An anonymous reader writes: All the EV attention these days is going to Tesla and other sedan manufacturers, but this article makes the case that it's far more important to switch our buses over to electric power than our cars. "Last year, according to the American Public Transportation Association, buses hauled 5.36 billion passengers. While usage has fallen in recent years, thanks in part to the growth of light rail and subway systems, buses still account for more rides each year than heavy rail, light rail, and commuter rail combined—and for about half of all public transit trips." This, while managing around 4-5 miles per gallon of gas, and public buses usually average about 50,000 miles per year. The electric buses themselves are significantly more expensive, but the difference is made up dramatically lower fuel costs. And there will be difficulties: "The range—up to 30 miles—limits Proterra buses to certain routes, so it's hard for an agency to go all in. Drivers have to be trained to brake and accelerate differently, and to maneuver into the docking stations. And Doran Barnes of Foothill Transit notes that some of the cost advantage of using electricity instead of diesel can dissipate.

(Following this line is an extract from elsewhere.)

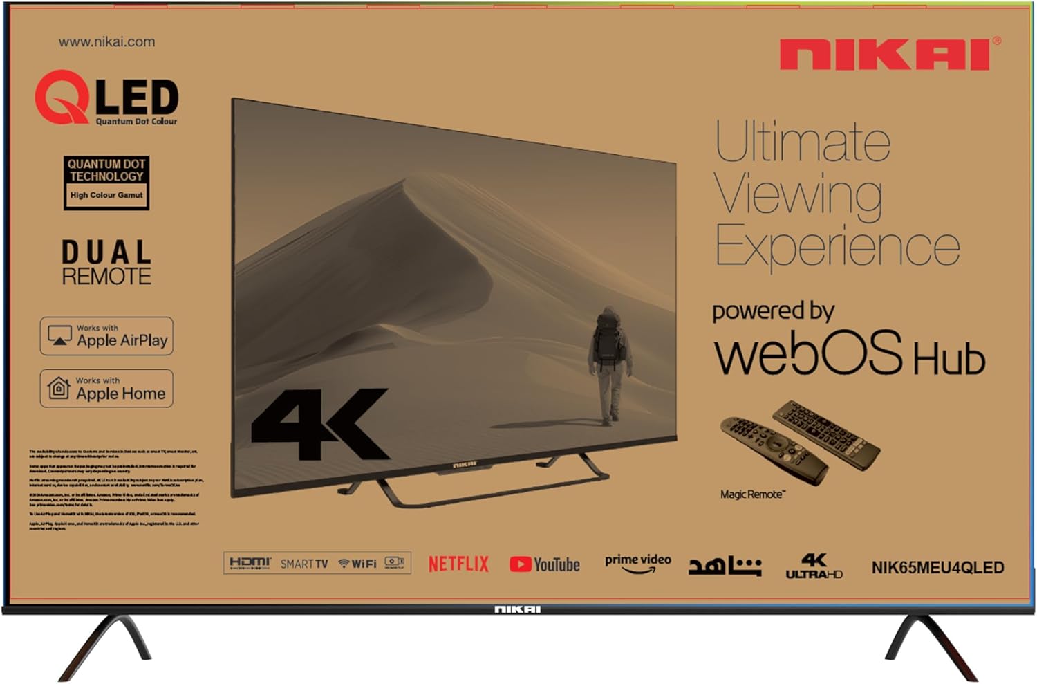 يتميز تلفزيون نيكاي الذكي QLED LED مقاس 65 بوصة بإطار معدني أسود أنيق وحامل، مما يوفر دقة شاشة مذهلة تبلغ 3840×2160 (4K).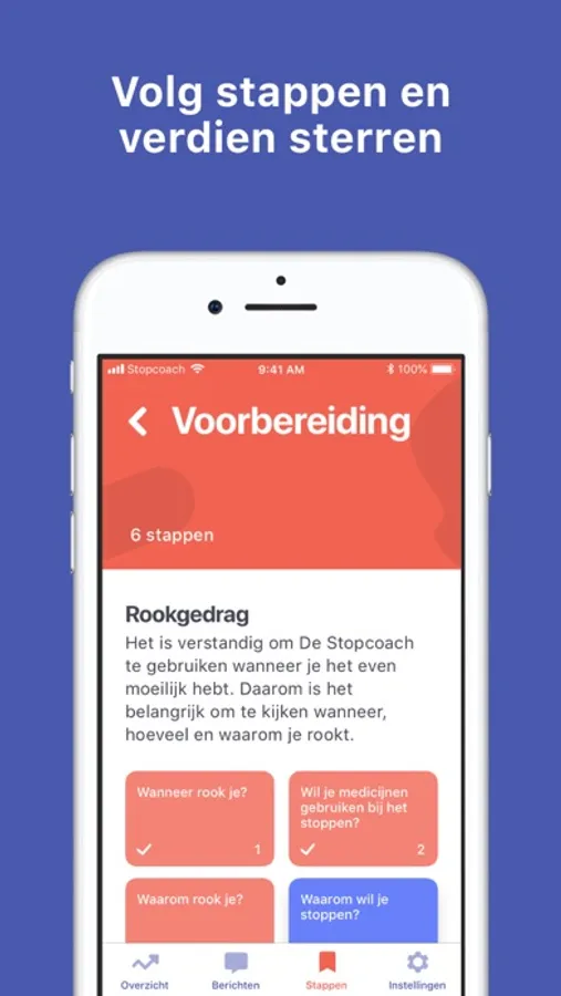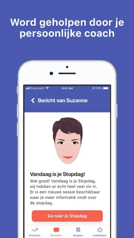 De Stopcoach app helpt jou om te stoppen met roken. En gestopt te blijven. Kies jouw eigen coach die jou een steuntje in de rug geeft op momenten dat je het moeilijk hebt.

Electric cars can be charged at night, when power prices are low. But buses have no choice but to recharge in the middle of the day, when utilities often impose higher peak usage rates."

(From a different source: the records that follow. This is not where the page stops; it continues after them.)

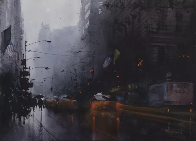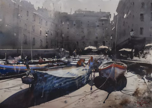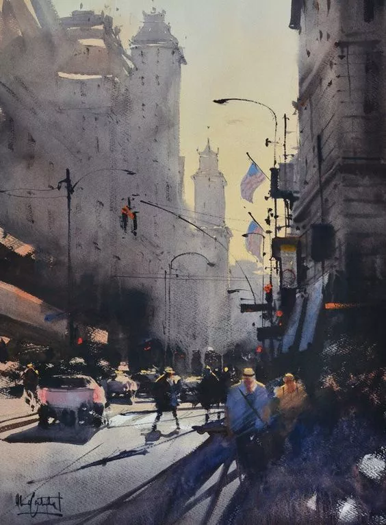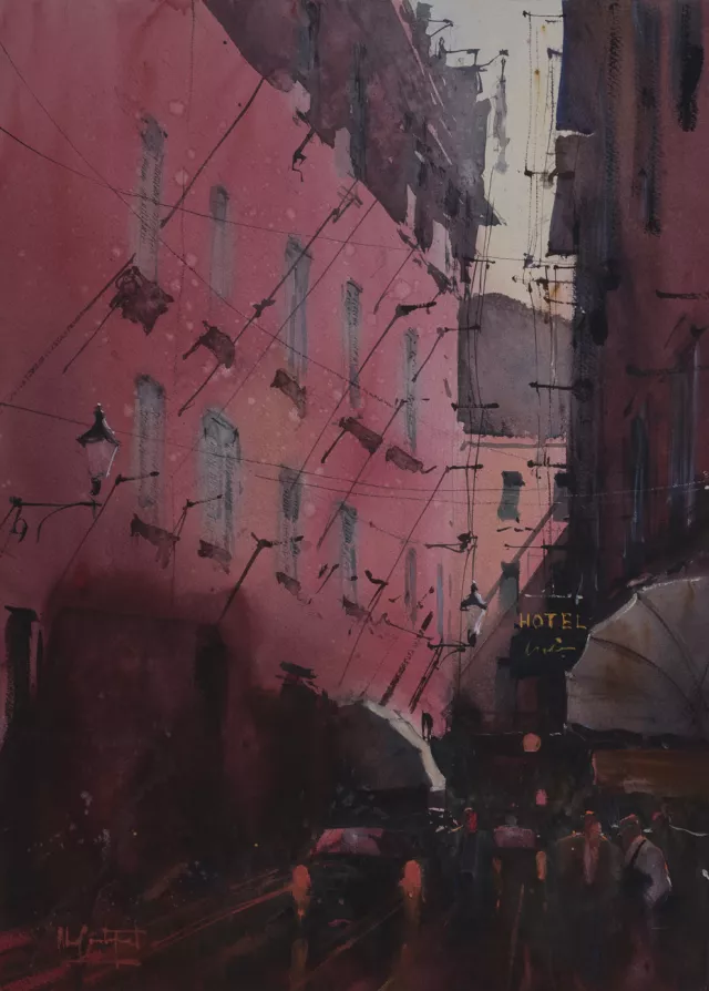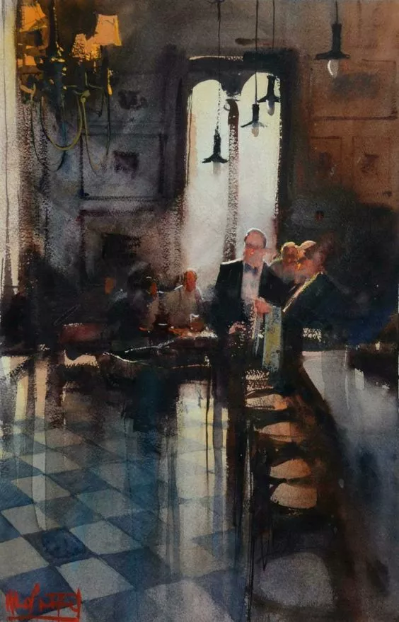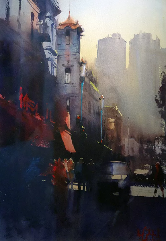 “艺术家需要一种必不可少的天赋,便是天大的苦功天大的耐性也补偿不了的一种天赋,否则只能成为临摹家与工匠。就是说艺术家在事物前面必须有独特的感觉:事物的特征给他一个刺激,使他得到一个强烈的特殊的印象。换句话说,一个生而有才的人的感受力,至少是某一类的感受力,必然又迅速又细致。他凭着清醒而可靠的感觉,自然而然能辨别和抓住种种细微的层次和关系:倘是一组声音,他能辨出气息是哀怨还是雄壮;倘是一个姿态,他能辨出是英俊还是萎靡;倘是两种互相补充或连接的色调,他能辨出是华丽还是朴素;他靠了这个能力深入事物的内心,显得比别人敏锐。”(丹纳)阿尔瓦诺就是具备这样一种天赋的水彩艺术家。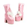 Lovely Lolita Mid-Calf Boots Women's Platform Thick Heels Sweet White Show Party Cosplay Ladies Fur Zipper Boots Pom-pom Pendant
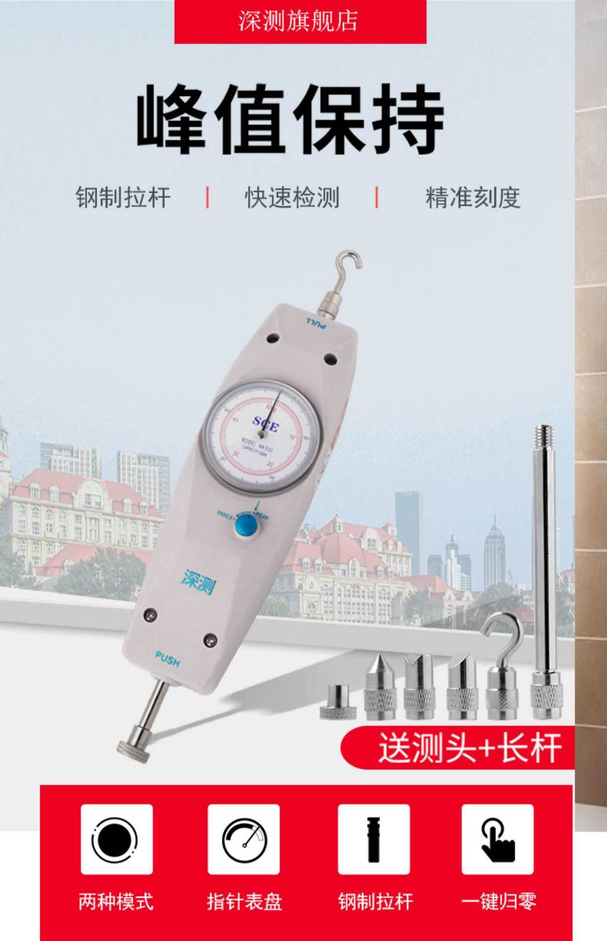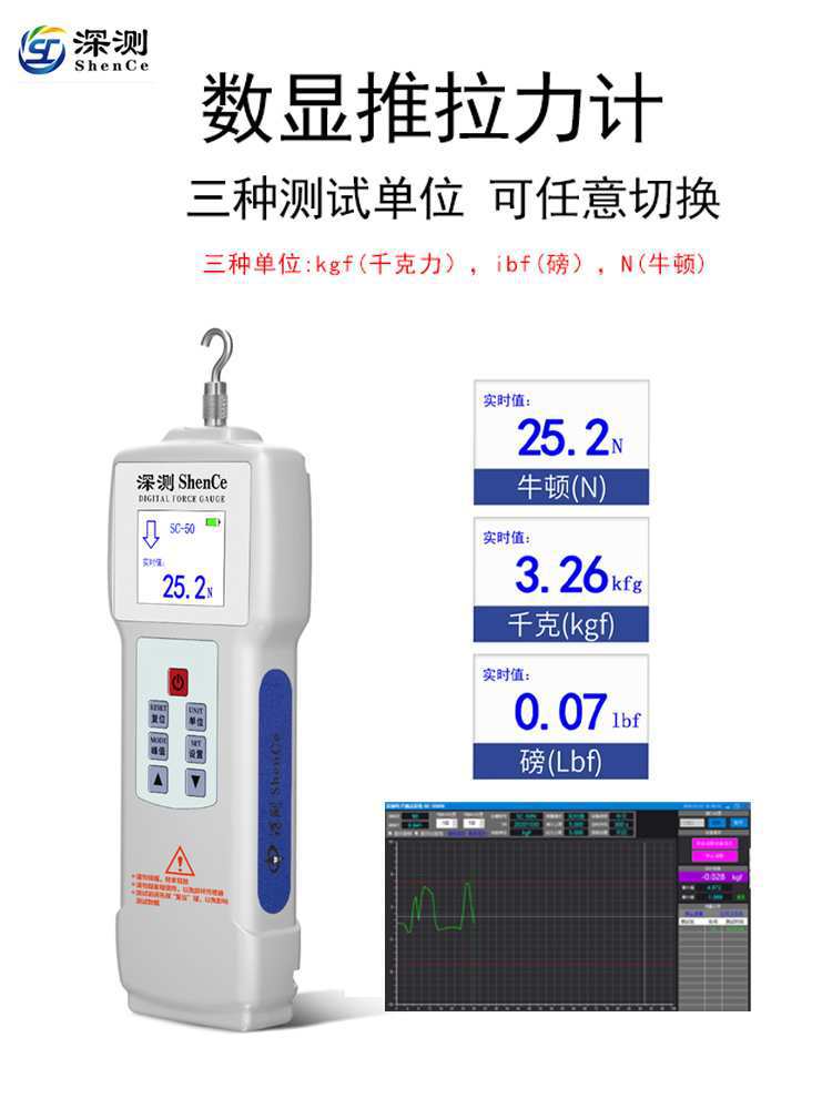 Значение указателя глубокого измерения толкаемого толкаемого манометра тяги давления машина пружинная машина испытания давления электронный силометр

12 of 491 comments (clear)

  1. The London Bus is a good place to start by infolation · · Score: 4, Interesting

    The biggest inefficiency with a (short-route) bus is stop-starting a heavy vehicle laden with people.

    We have electric and hybrid buses in London, but using a Flywheel (first developed as a fuel-saving measure for F1 cars) to preserve kinetic energy has made the greatest difference to efficiency for London buses.

  2. Re:And low-emission transport trucks, too by used2win32 · · Score: 3, Interesting

    I heard that the top 16 largest container ships (burning bunker fuel) pollute as much as all of the cars on the road.
    Link

    Maybe we need to look there... Come on, how much difference will a few million cars make when compared to just one of those ships?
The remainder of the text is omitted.